REQUIRED WORK - The material below is to be copied exactly from the line with "Angela and Charlie’s" up to and including the line with "鳥類攝影+鳥類與花卉攝影技巧", with nothing else kept and no pictures.
↓↓↓
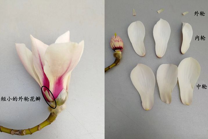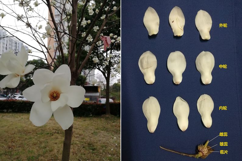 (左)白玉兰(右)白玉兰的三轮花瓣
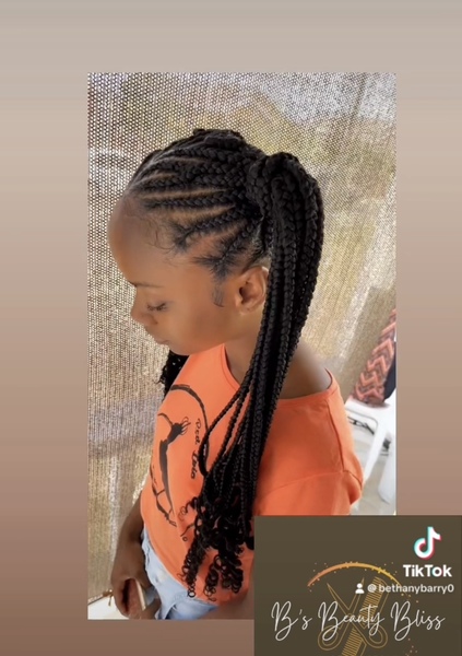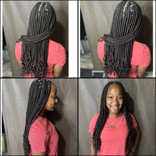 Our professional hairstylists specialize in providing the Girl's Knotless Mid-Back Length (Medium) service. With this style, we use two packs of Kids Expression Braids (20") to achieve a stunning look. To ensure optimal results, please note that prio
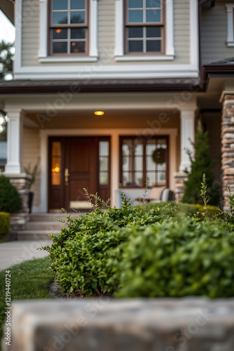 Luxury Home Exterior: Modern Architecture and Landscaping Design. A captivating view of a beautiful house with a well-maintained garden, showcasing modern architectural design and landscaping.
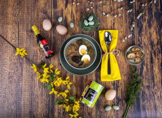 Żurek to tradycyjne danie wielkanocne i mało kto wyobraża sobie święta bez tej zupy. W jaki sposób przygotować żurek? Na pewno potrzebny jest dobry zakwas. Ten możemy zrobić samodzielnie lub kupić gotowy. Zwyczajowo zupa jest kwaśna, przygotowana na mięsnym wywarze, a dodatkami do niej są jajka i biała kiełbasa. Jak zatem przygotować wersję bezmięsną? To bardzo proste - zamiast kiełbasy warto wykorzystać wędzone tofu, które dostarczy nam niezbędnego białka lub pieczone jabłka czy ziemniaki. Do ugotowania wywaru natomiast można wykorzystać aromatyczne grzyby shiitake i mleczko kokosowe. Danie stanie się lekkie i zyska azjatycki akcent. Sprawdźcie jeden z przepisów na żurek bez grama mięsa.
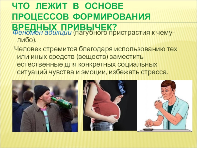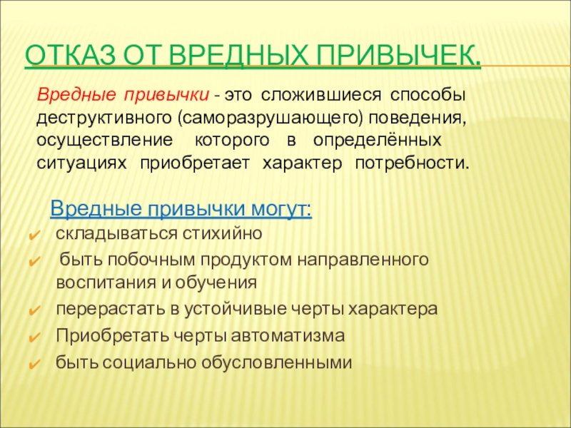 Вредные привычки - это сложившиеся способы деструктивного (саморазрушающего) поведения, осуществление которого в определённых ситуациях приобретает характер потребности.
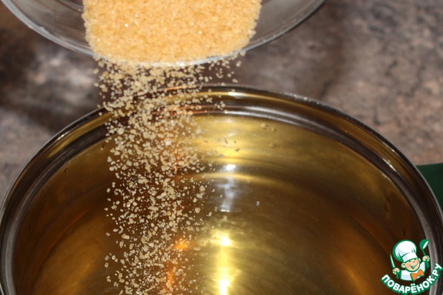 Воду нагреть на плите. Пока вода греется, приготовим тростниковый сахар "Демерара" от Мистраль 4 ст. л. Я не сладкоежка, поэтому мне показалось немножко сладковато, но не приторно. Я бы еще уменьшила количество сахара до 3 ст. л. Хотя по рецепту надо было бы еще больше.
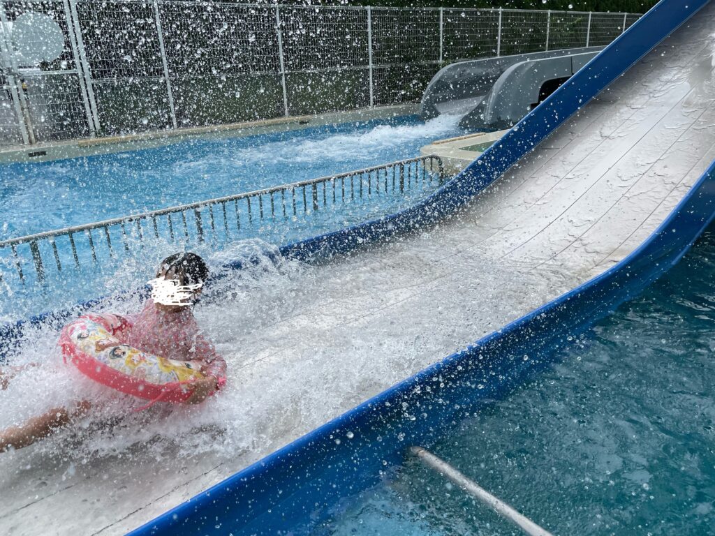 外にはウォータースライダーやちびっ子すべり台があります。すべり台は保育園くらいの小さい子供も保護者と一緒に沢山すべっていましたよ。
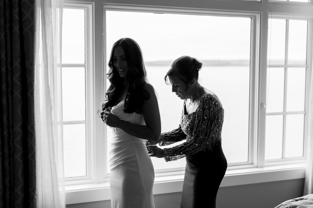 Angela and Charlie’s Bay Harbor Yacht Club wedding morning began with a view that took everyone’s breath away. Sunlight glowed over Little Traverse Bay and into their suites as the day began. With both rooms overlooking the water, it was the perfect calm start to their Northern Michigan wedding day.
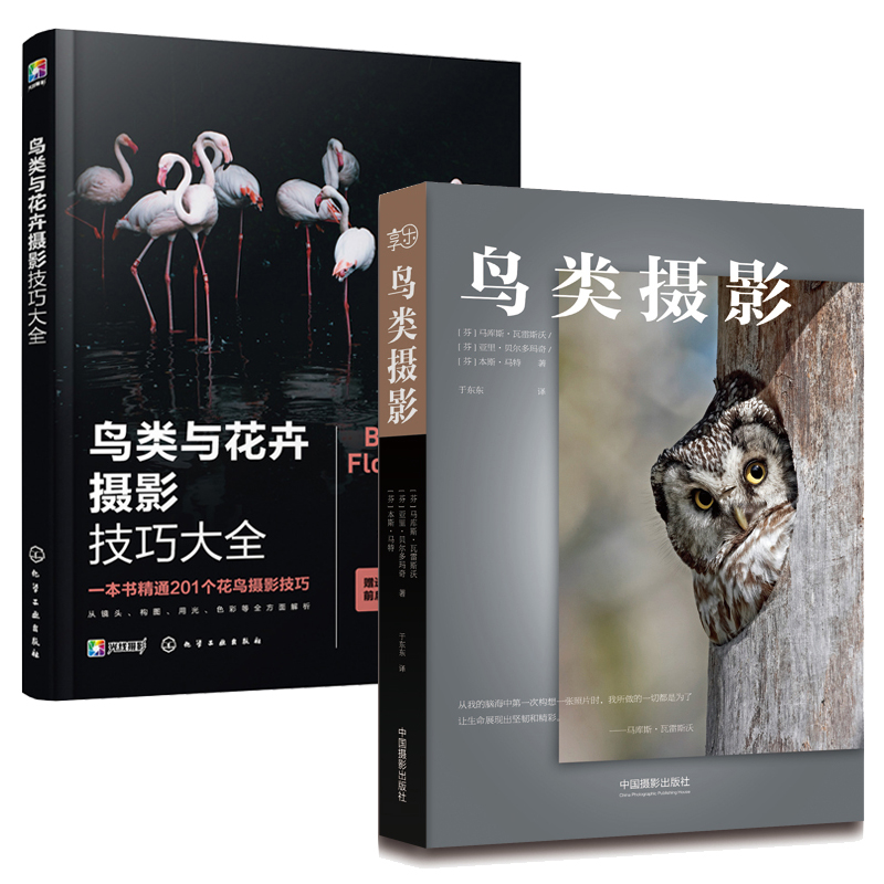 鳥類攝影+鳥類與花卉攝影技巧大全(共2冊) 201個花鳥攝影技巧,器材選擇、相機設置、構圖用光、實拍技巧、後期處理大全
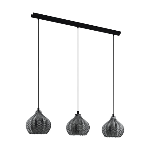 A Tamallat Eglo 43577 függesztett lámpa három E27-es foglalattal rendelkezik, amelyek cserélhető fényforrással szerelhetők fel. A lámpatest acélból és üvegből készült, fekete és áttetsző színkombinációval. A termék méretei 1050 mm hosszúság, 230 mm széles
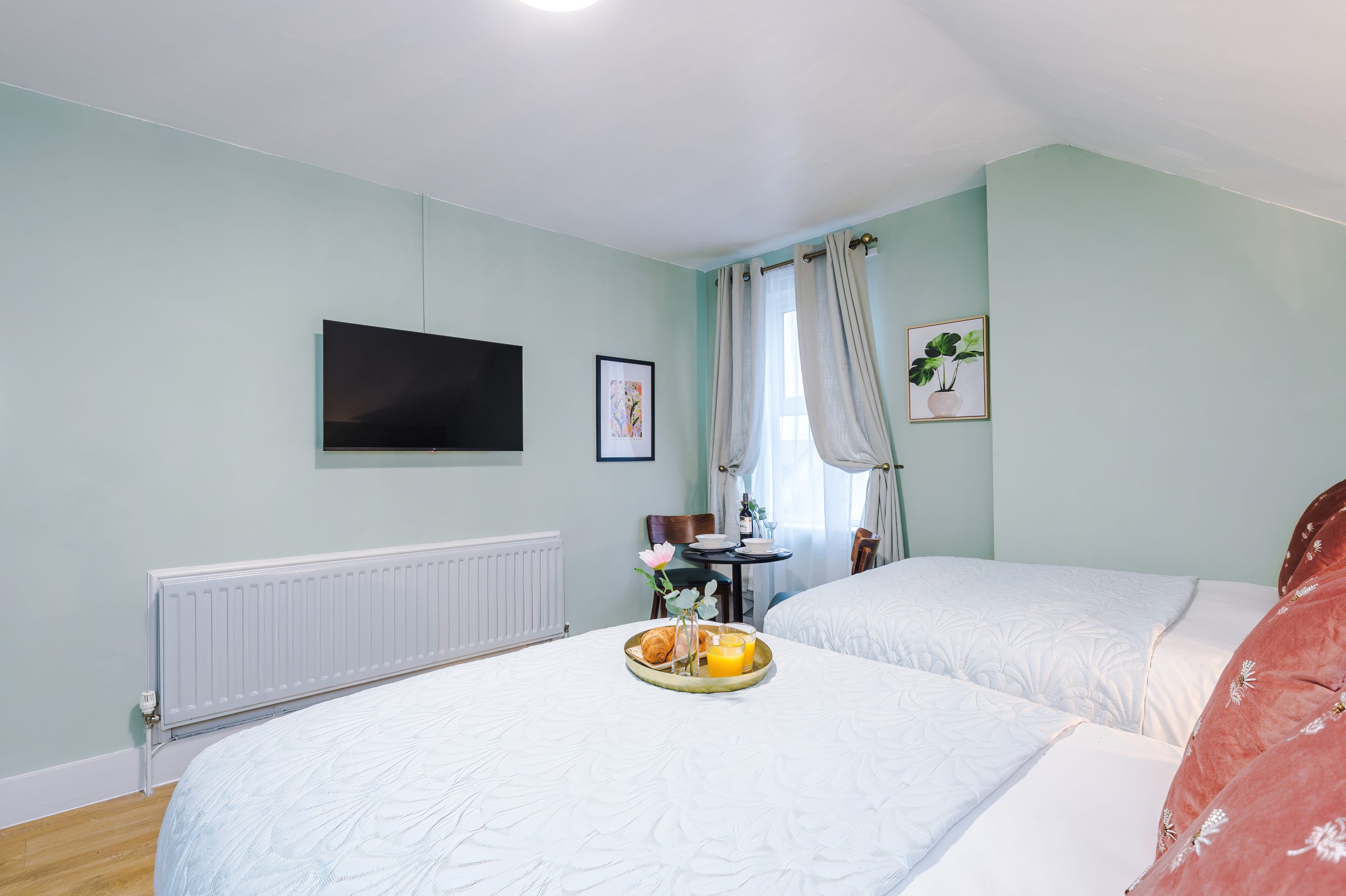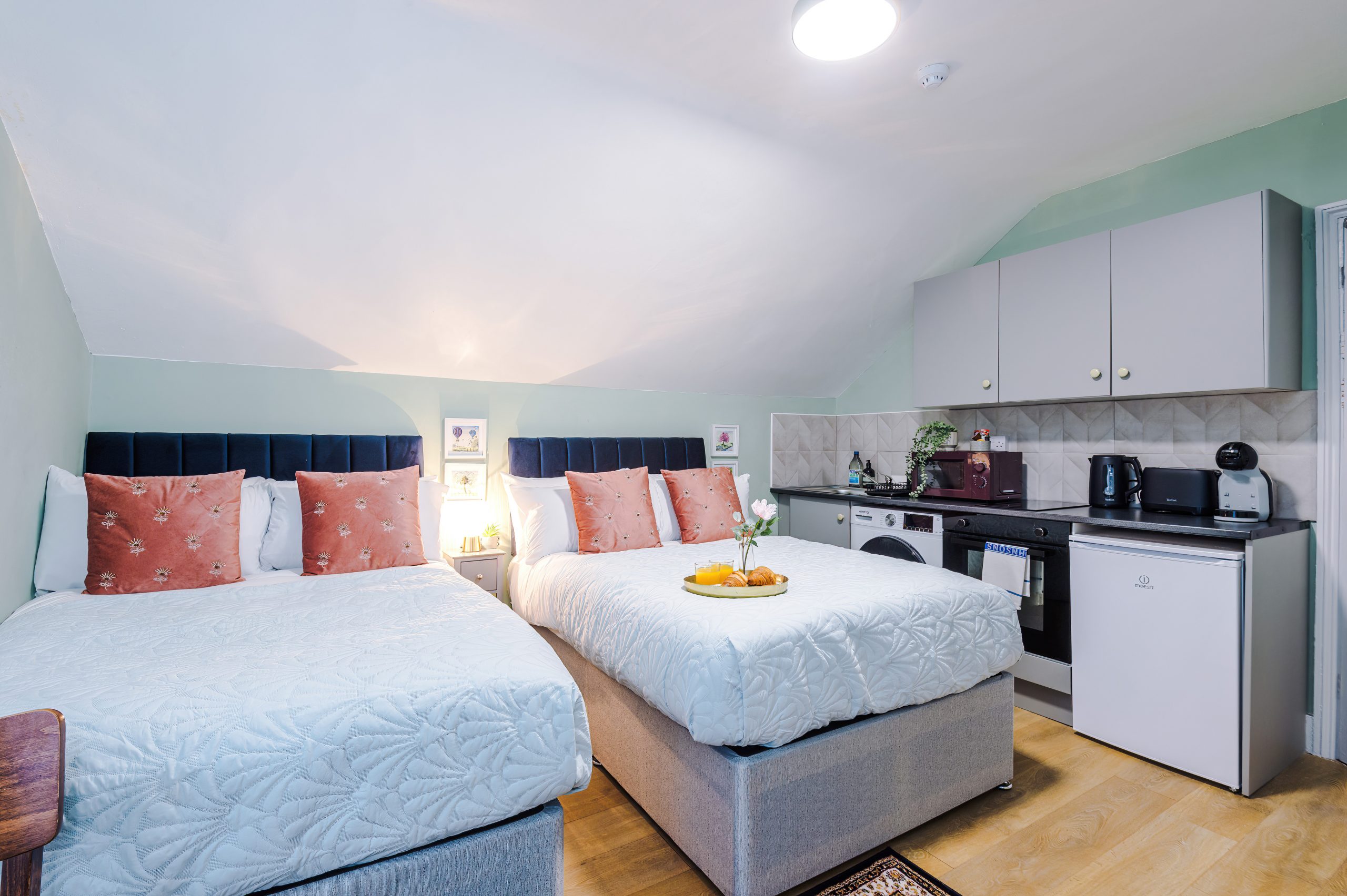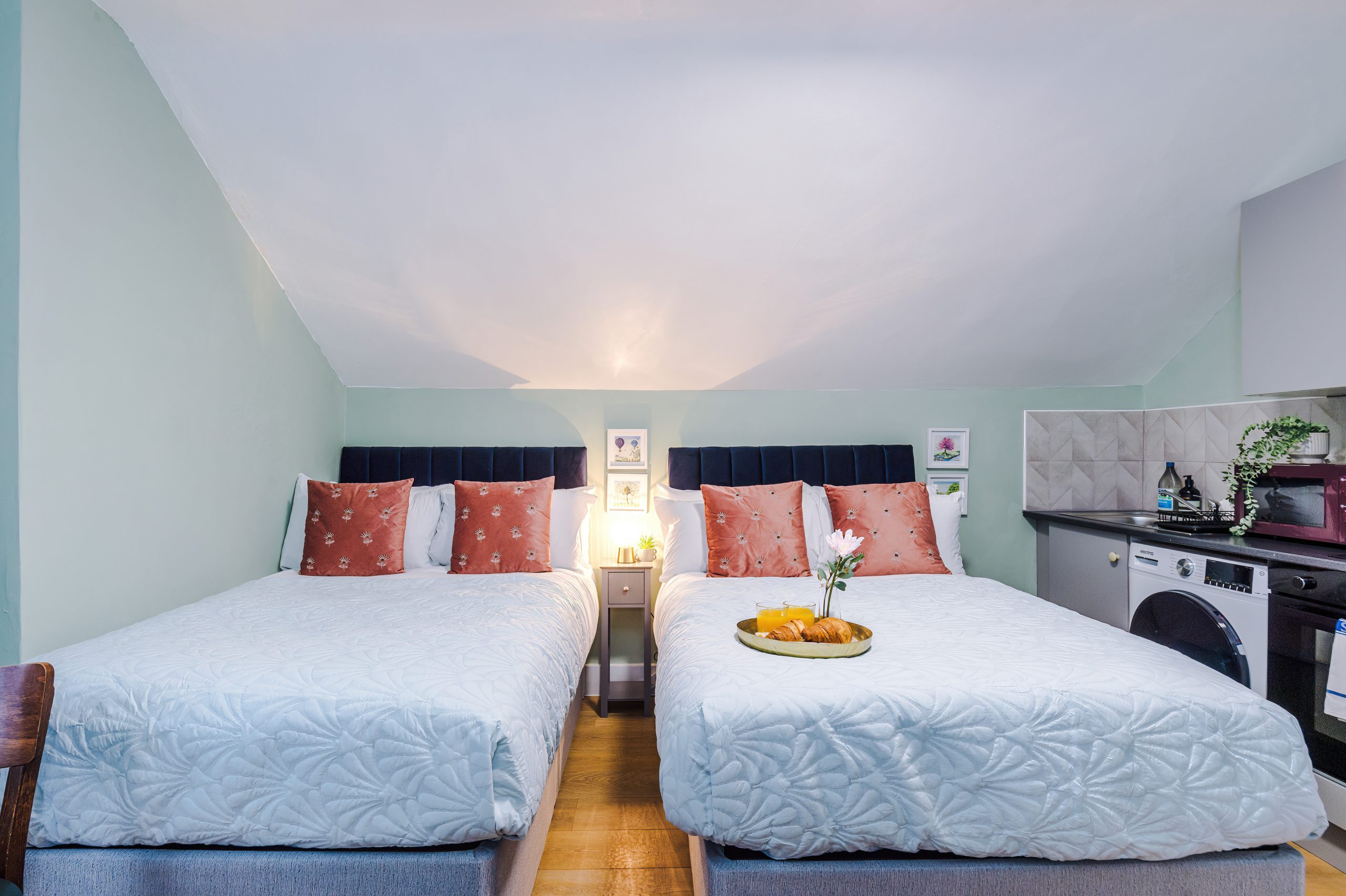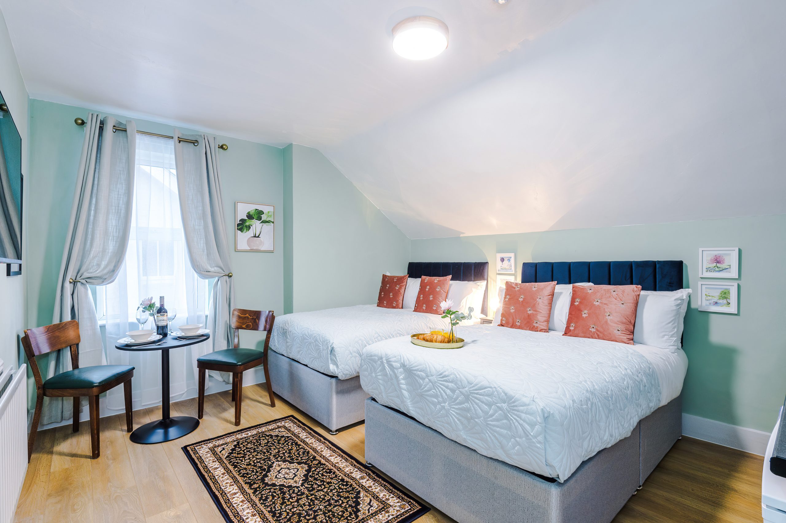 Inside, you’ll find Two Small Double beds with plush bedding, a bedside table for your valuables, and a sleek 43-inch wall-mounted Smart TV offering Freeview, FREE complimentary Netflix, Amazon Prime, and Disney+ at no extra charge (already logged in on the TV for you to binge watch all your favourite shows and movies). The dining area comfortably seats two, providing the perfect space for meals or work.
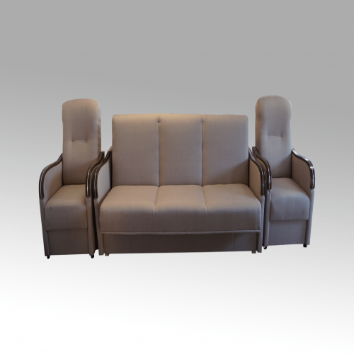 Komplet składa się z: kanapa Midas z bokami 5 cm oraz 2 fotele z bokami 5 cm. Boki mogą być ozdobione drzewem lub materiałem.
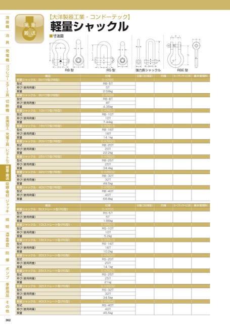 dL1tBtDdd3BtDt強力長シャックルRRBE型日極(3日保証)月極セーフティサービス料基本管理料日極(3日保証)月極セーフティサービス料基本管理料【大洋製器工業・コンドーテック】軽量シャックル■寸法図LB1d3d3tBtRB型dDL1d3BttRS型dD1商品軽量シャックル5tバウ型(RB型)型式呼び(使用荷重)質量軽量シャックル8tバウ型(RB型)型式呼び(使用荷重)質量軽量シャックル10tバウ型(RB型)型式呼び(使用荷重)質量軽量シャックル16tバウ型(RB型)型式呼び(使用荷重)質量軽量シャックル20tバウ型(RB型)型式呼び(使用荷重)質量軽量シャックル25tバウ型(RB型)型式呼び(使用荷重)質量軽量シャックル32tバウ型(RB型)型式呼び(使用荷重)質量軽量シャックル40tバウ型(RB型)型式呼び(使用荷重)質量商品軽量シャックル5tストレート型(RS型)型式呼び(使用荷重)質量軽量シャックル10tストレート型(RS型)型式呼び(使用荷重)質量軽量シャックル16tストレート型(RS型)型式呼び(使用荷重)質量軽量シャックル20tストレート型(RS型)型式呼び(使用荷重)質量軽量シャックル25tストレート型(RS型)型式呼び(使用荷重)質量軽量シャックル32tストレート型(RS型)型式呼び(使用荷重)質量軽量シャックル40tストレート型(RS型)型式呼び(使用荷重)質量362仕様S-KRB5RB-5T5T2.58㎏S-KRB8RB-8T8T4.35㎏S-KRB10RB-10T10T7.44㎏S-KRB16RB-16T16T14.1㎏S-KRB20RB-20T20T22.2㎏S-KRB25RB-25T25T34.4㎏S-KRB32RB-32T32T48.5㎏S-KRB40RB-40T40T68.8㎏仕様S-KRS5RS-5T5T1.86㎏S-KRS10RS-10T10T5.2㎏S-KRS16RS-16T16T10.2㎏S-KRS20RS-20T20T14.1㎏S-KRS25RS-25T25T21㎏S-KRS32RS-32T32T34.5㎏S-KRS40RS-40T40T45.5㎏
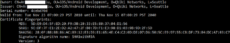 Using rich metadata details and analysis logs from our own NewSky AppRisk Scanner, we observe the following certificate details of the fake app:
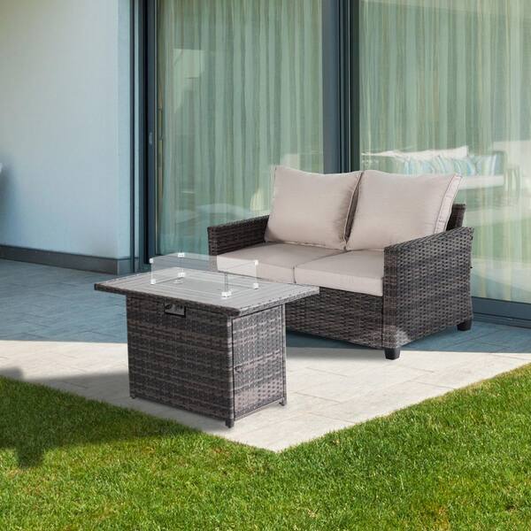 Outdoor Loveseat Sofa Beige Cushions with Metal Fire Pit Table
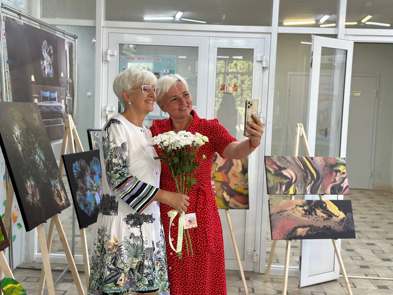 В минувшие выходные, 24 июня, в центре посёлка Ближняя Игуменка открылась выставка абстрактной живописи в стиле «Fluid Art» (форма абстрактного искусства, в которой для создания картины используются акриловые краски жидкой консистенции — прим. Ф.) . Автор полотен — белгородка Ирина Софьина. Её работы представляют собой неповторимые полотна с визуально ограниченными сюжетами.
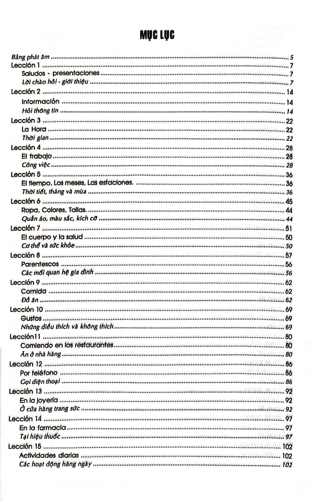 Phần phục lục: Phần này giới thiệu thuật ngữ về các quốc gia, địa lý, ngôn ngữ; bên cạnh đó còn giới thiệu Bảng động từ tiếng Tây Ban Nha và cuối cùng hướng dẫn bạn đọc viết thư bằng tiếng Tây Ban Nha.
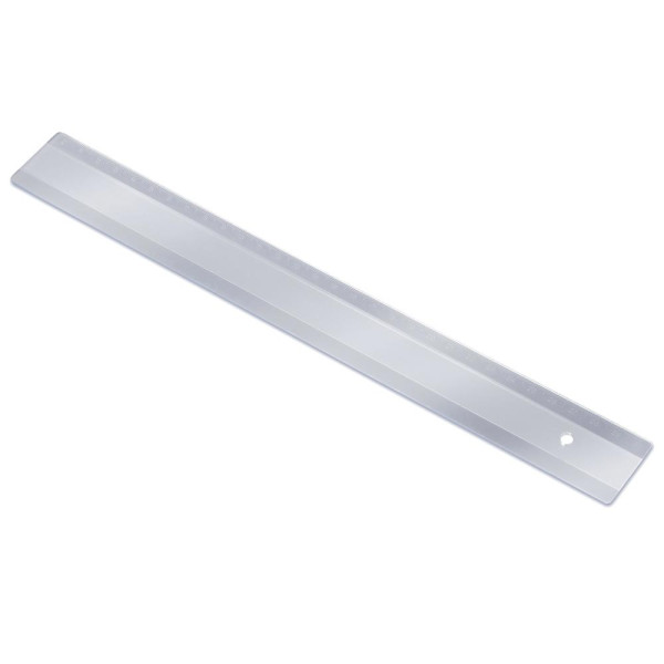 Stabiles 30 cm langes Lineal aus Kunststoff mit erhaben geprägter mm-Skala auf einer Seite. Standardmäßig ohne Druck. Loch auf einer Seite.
↑↑↑
ANSWER FOR THIS EXERCISE -
 Angela and Charlie’s Bay Harbor Yacht Club wedding morning began with a view that took everyone’s breath away. Sunlight glowed over Little Traverse Bay and into their suites as the day began. With both rooms overlooking the water, it was the perfect calm start to their Northern Michigan wedding day.
 鳥類攝影+鳥類與花卉攝影技巧大全(共2冊) 201個花鳥攝影技巧,器材選擇、相機設置、構圖用光、實拍技巧、後期處理大全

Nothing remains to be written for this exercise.